▶ **TASK TO COMPLETE**
Reproduced exactly, the lines from the start of the material through the line containing "x 40 x 46 cm" should be the whole answer, with pictures excluded.

------------------------------------

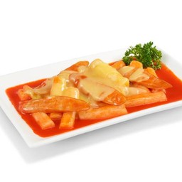 อุด้งผัดเบคอนและกิมจิซอสไข่กุ้ง
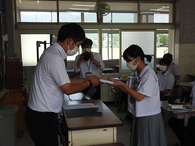 商工会青年部の2名の方が本校にお越しくださり、3年生に経済のこと、田の神さあ商品券のしくみ等について説明をされた後、代表の生徒に「田の神さあ商品券」を贈呈してくださいました。
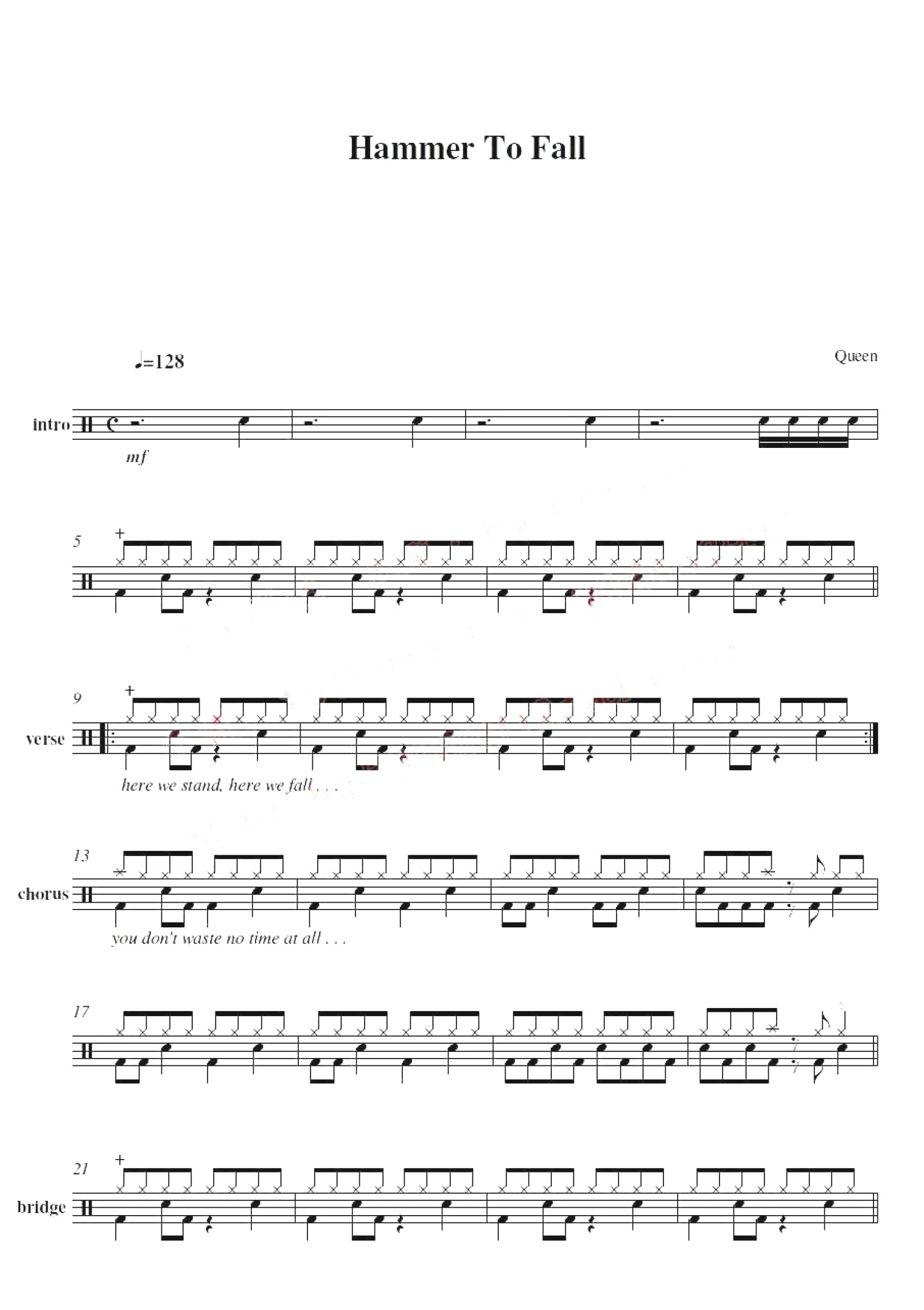 曲谱介绍: Hammer to Fall(架子鼓谱)-Queen
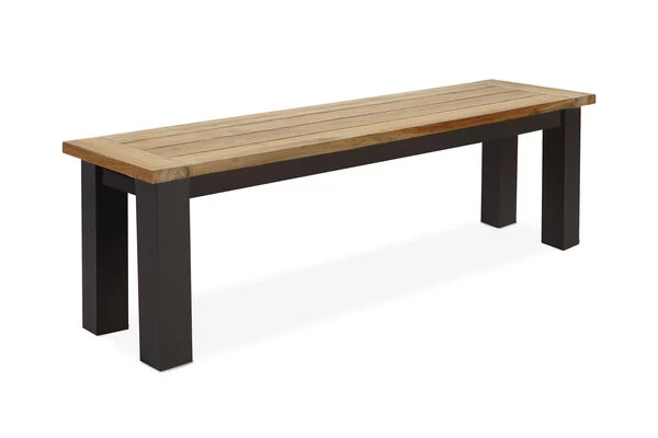 OUTFLEXX® Gartenbank „Oxford“ aus recyceltem FSC®-Teakholz und Aluminium, ca. 150 x 40 x 46 cm
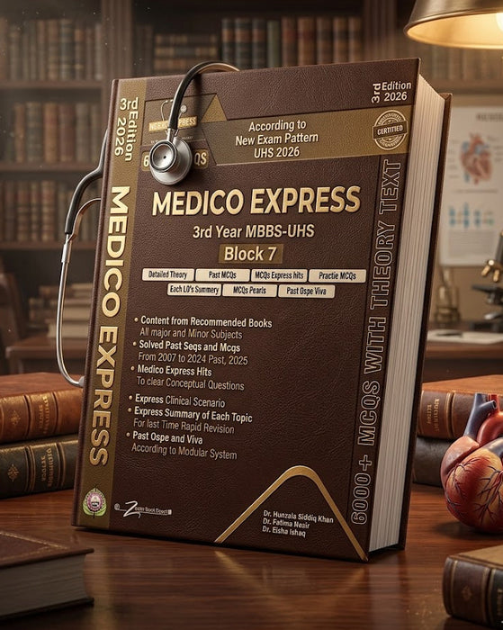 Tags: 3rd Year MBBS , 3rd year MBBS notes , 6000 MCQs MBBS , 6000+ MCQs , best books , best MBBS MCQs book , Best Price , Best Selling Books , Block 07 , Block 7 All on one Book , Block 7 MBBS UHS , Block 7 Medico Express , Block 7 Medico Express 3rd Year MBBS , block wise MBBS , clinical scenario MCQs , conceptual MCQs medical , Dr Eisha Ishaq , Dr Fatima Nasir , Dr Hunzala Siddiq Khan , exam oriented MBBS , integrated medical book , MBBS 3rd year book , MBBS MCQs book , MBBS rapid revision , MBBS revision book , MBBS study material , MBBS theory and MCQs , MCQs pearls MBBS , medical exam guide Pakistan , medical exam success , medical learning objectives , medical past papers solved , medical students guide , medico express all in one , Medico Express Block 7 , Medico Express Block 7 3rd Year MBBS , medico express hits , Online Bookshop , OSPE viva preparation , Pakistan MBBS exams , SEQs MCQs MBBS , UHS 2026 exam preparation , UHS modular system , UHS pattern book , UHS recommended books , Zubair Book Depot
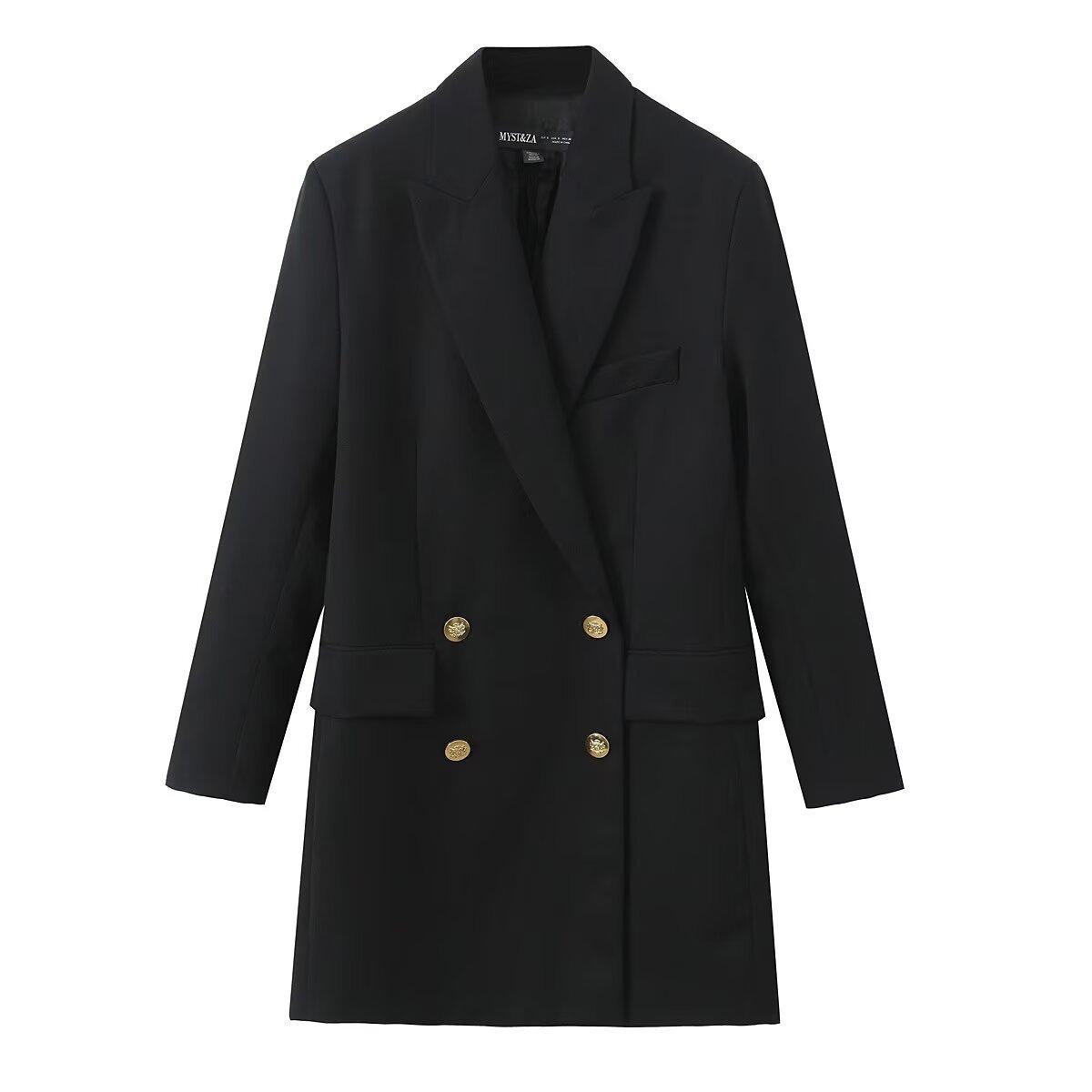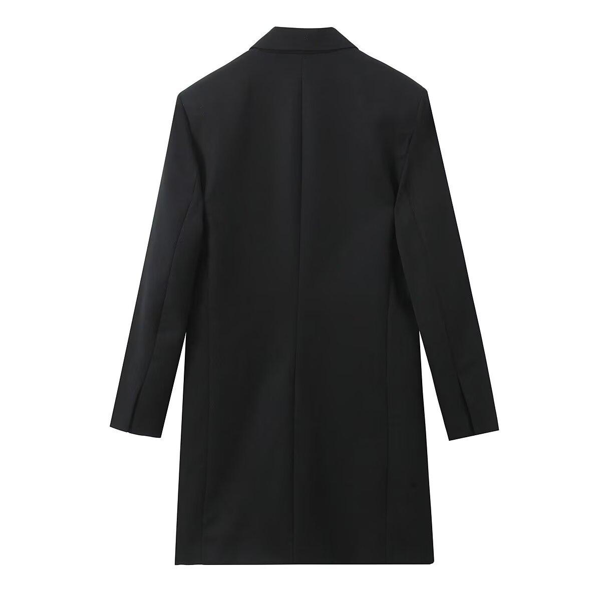 Nuevo Abrigo de Traje de Mujer Europeo y Americano Transfronterizo, Sencillo, a la Moda, de Doble Botonadura, Holgado, Casual, Combinable con Todo, Largo Medio, Entallado

------------------------------------

▶ **RESULT BELOW**
 อุด้งผัดเบคอนและกิมจิซอสไข่กุ้ง
 商工会青年部の2名の方が本校にお越しくださり、3年生に経済のこと、田の神さあ商品券のしくみ等について説明をされた後、代表の生徒に「田の神さあ商品券」を贈呈してくださいました。
 曲谱介绍: Hammer to Fall(架子鼓谱)-Queen
 OUTFLEXX® Gartenbank „Oxford“ aus recyceltem FSC®-Teakholz und Aluminium, ca. 150 x 40 x 46 cm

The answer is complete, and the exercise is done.